Macaulay stared at me. “You mean that might’ve been Nunheim?”

“I don’t know. I was wondering.”

“And I don’t know,” he said. “I never saw Nunheim, far as I—”

“He was a little fellow, not more than five feet three, and would weigh maybe a hundred and twenty. I’d say he was thirty-five or -six. Sallow, dark hair and eyes, with the eyes set pretty close together, big mouth, long limp nose, bat-wing ears—shifty-looking.”

“That could easily be him,” he said, “though I didn’t get too close a view of my man. I suppose the police would let me see him”—he shrugged—“not that it matters now. Where was I? Oh, yes, about not being able to get in touch with Wynant. That put me in an uncomfortable position, since the police clearly thought I was in touch with him and lying about it. So did you, didn’t you?”

“Yes,” I admitted.

“And you also, like the police, probably suspected that I had met him, either at the Plaza or later, on the day of the murder.”

“It seemed possible.”

“Yes. And of course you were partly right. I had at least seen him, and seen him at a place and time that would’ve spelled Guilty with a capital G to the police, so, having lied instinctively and by inference, I now lied directly and deliberately. Hermann had been tied up in a conference all that afternoon and didn’t know how long I had been waiting to see him. Louise Jacobs is a good friend of mine. Without going into details, I told her she could help me help a client by saying I had arrived there at a minute or two after three o’clock and she agreed readily enough. To protect her in case of trouble, I told her that if anything went wrong she could always say that she hadn’t remembered what time I arrived, but that I, the next day, had casually mentioned my arrival at that time and she had no reason for doubting me—throwing the whole thing on me.” Macaulay took a deep breath. “None of that’s important now. What’s important is that I heard from Wynant this morning.”
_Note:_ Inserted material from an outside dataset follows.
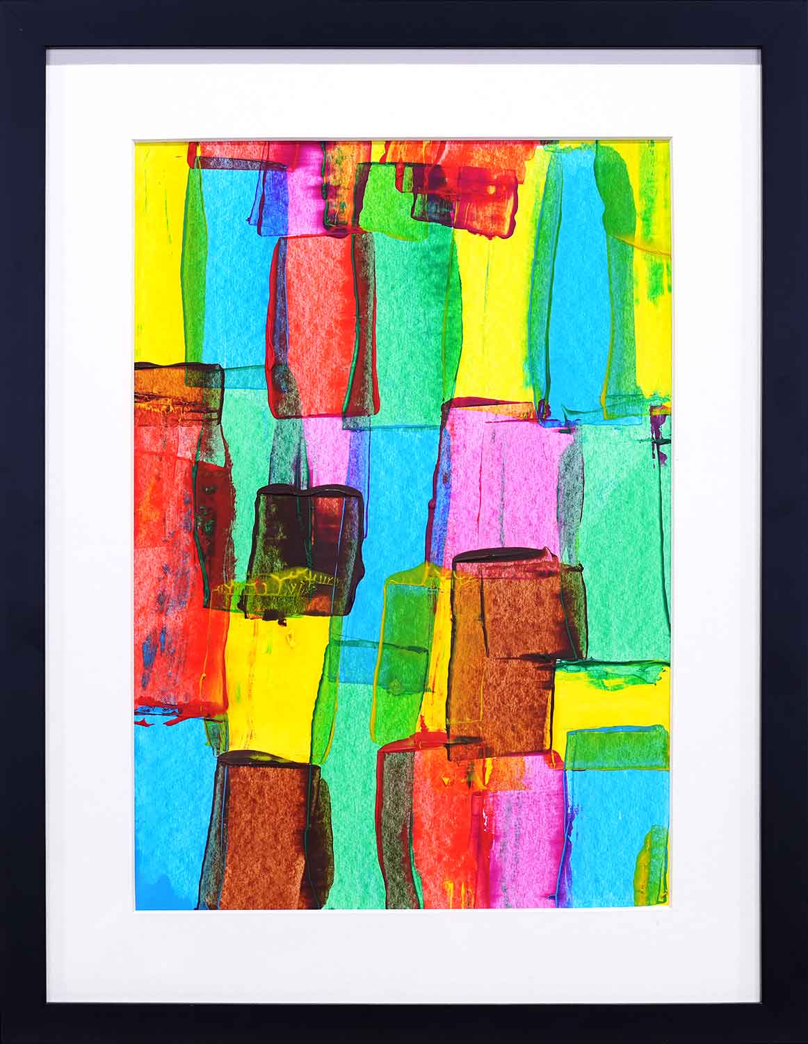 The overlapping colours and layered rectangular forms evoke the impression of buildings and lights reflected on water or glass; vibrant, shifting, and alive with movement. This abstract composition captures the essence of a cityscape seen through a dreamlike lens, where structure dissolves into fluidity, and light dances across surfaces. The dynamic interplay of colours in different tones shows a visual interpretation of city life: bold, ever-changing, and full of layered perspectives.

“Another one of those screwy letters?” I asked.

“No, he phoned. I made a date with him for tonight—for you and me. I told him you wouldn’t do anything for him unless you could see him, so he promised to meet us tonight. I’m going to take the police, of course. I can’t go on justifying my shielding him like this. I can get him an acquittal on grounds of insanity and have him put away. That’s all I can do, all I want to do.”